Belichick had some positive words about rookie defensive lineman Joe Vellano, who started at tackle alongside Tommy Kelly.

“I think Joe has played competitively through camp,” Belichick said. “He’s a tough kid, out there every day, works hard, getting better. We’ll take it day by day and see how it goes. But he’s been improving and that’s a good thing.”

The undrafted Vellano, listed at 6 feet 2 inches, 300 pounds, was a two-time team captain at Maryland and a first-team All-ACC pick last fall.

Good, not great

Perhaps because the rookie’s level of play has raised expectations, Belichick looked past Kenbrell Thompkins’s team highs of eight catches and 116 receiving yards Thursday and saw the imperfections, including his trouble getting off the line.

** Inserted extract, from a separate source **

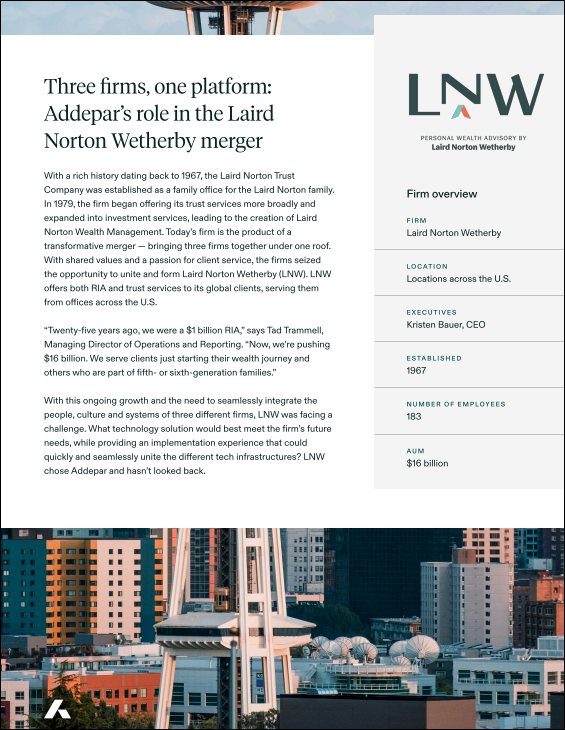 Laird Norton Wetherby merged three firms, creating a $16B powerhouse with complex operational needs. See how they chose a single tech platform to unify systems, streamline alternatives management, and enhance client service.

“I think that’s an area that all rookie receivers need to work on and haven’t had a lot of experience with — there isn’t a whole lot of press coverage in college,” Belichick said. “There are a couple of teams that do it but there’s not a whole lot of it.

“I think that’s something that any young receiver needs a lot of work on. I would say the same thing for defensive backs. [Thompkins] would certainly go in that category; I think they all do.”

Belichick acknowledged that Thompkins made “a couple nice plays” in Detroit, but said he is far from a finished product.

“Working against different corners, different skill sets, he just has to match up individually. Whether it’s quickness or speed or size or . . . technique, there are different ways to win out there and they may not all be the same depending on the defender he’s facing or the technique that they’re playing,” Belichick said. “That’s why players have to be good at more than one thing or have more than one skill, or eventually then that one thing gets shut down by a particular technique or certain type of player and that player loses his effectiveness.

“For KT, he just needs to work on the whole process out there against different guys and different techniques and being able to deal with whatever the challenge is that he’s facing on the perimeter, be it the individual player or the technique that the guy is playing.”

Simple explanation

The coach was at his Belichickian best when asked why Vince Wilfork didn’t play Thursday.

“We just didn’t put him in. That’s why,” Belichick said.

Because?

“Because there were other players who played.”

Wilfork went through a one-on-one warm-up and stretching session with head strength and conditioning coach Harold Nash a couple of hours before kickoff and was on the sideline in uniform but did not take the field.

He likely did not play as a precaution.